TASK ITEM: The lines from the beginning of the records below through the one holding "Natural Waterfall Wide" are to be copied exactly; leave the pictures out.

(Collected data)
::::

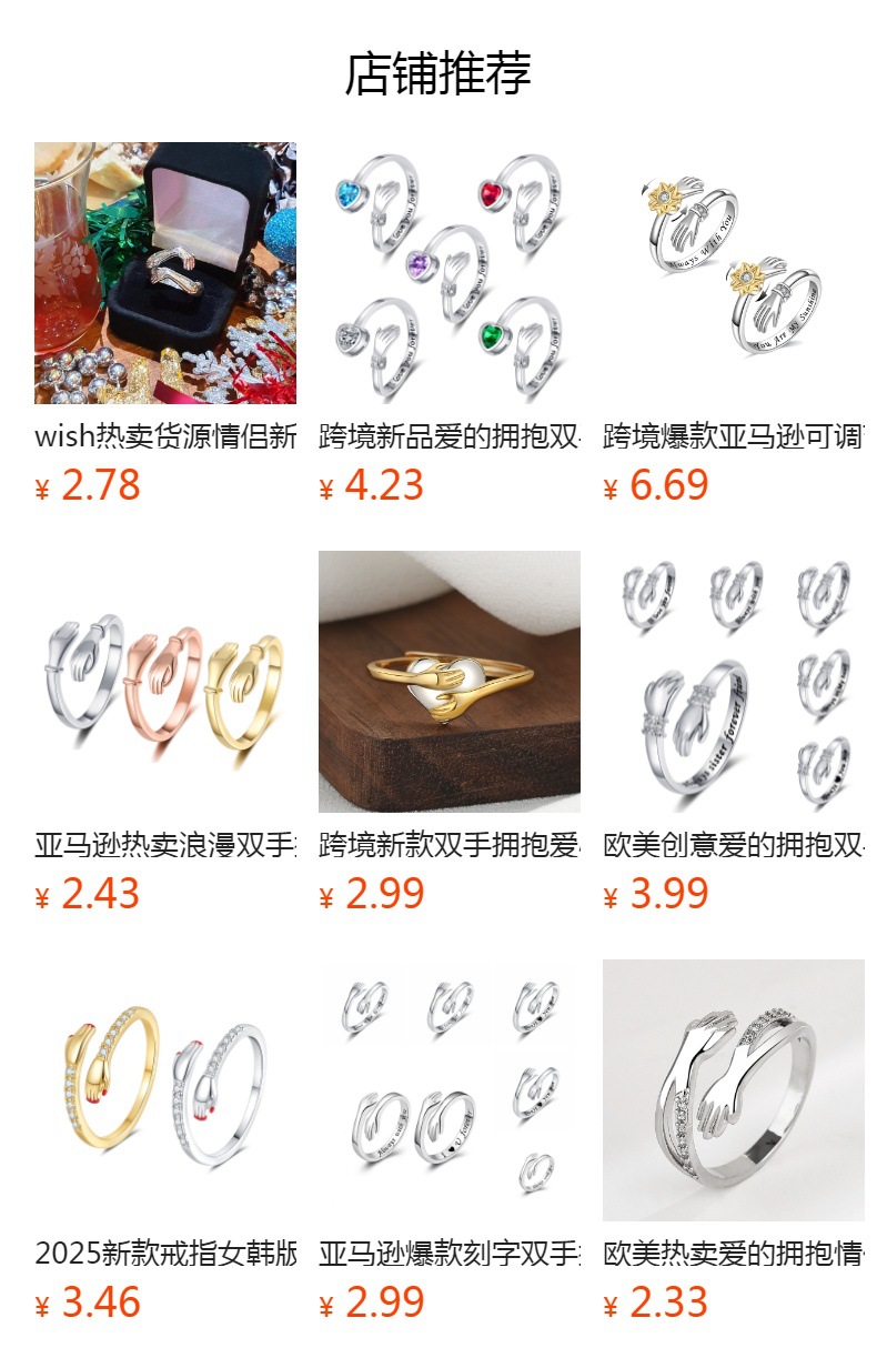 Europeo y americano creativo amor abrazo manos anillo de diamantes letras de las mujeres apertura anillo ajustable regalo de corazón
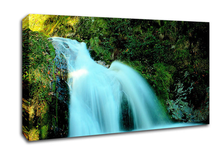 Natural Waterfall Wide Canvas Print handmade in the UK. Stretched over a 2 inch thick wooden box frame, ready to hang on your wall.
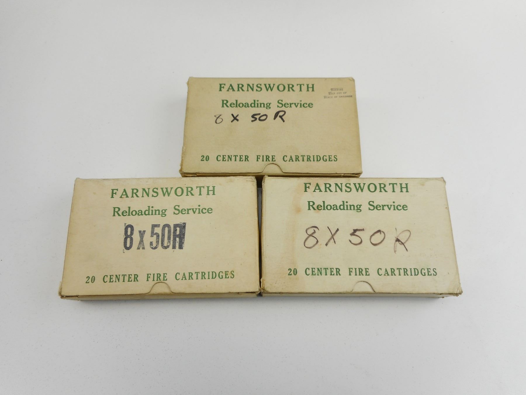 8 X 50R RELOADED AMMO , 60 RNDS 8 X 50R RELOADED AMMO, 8MM AUSTRO-HUNGARIAN ONE OF THE M95 MANNLICHER SHORT RIFLES DOES NOT HAVE AN "S" MARKED ON THE TOP OF THE CHAMBER - THIS 8 X 50 RIMMED FRITS THAT RIFLE - MAY BE BUDAPEST MADE M95
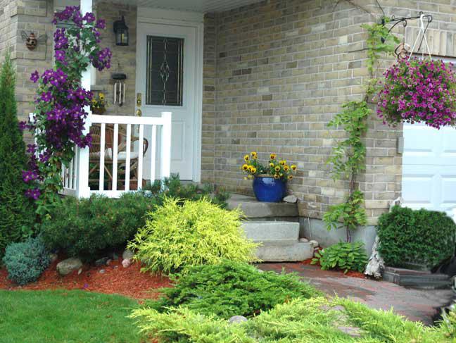 Coniferous plants at the entrance to the house are stable, do not require complicated care, they look solid at any time of the year
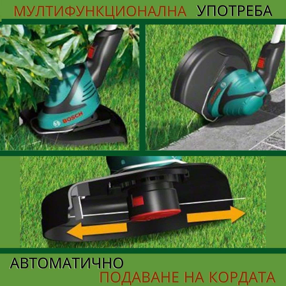 Електрически тример BOSCH ART 27 е изключително компактна и лека машина, с висока производителност на рязане. Снабден е със система за автоматично подаване на кордата, която намалява до минимум управлението на кордата. Удобната ръкохватка с меко покритие гарантира оптимален комфорт по време на работа. Дръжката се регулира по височина, само с един бутон. Bosch ART 27 има мощен и издържлив електромотор, за оптимални работни резултати. Косене в режим подрязване на ръбовете само с едно прещракване. Тримерът е с удобна телескопична дръжка, която се регулира от 80-115 см. Машината е със стабилна метална конструкция, а корпусът на двигателя се върти за по-прецизна работа. Предназначението на този модел тример е за косене около дървета, огради и стени. Издържлив е на падане върху твърда почва, и има в окомплектовката предпазна скоба за растения. Една от основните му функции е възможността за вертикално косене на ръбовете на 90°.
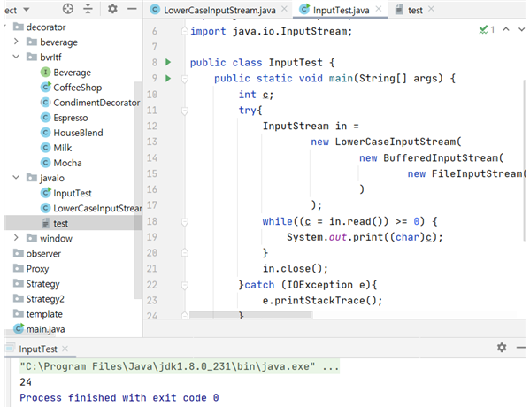 장식 객체는 input stream으로 uppercase에서 lowercase로 변환한다.

::::

OUTPUT FOR THIS EXERCISE:
 Europeo y americano creativo amor abrazo manos anillo de diamantes letras de las mujeres apertura anillo ajustable regalo de corazón
 Natural Waterfall Wide Canvas Print handmade in the UK. Stretched over a 2 inch thick wooden box frame, ready to hang on your wall.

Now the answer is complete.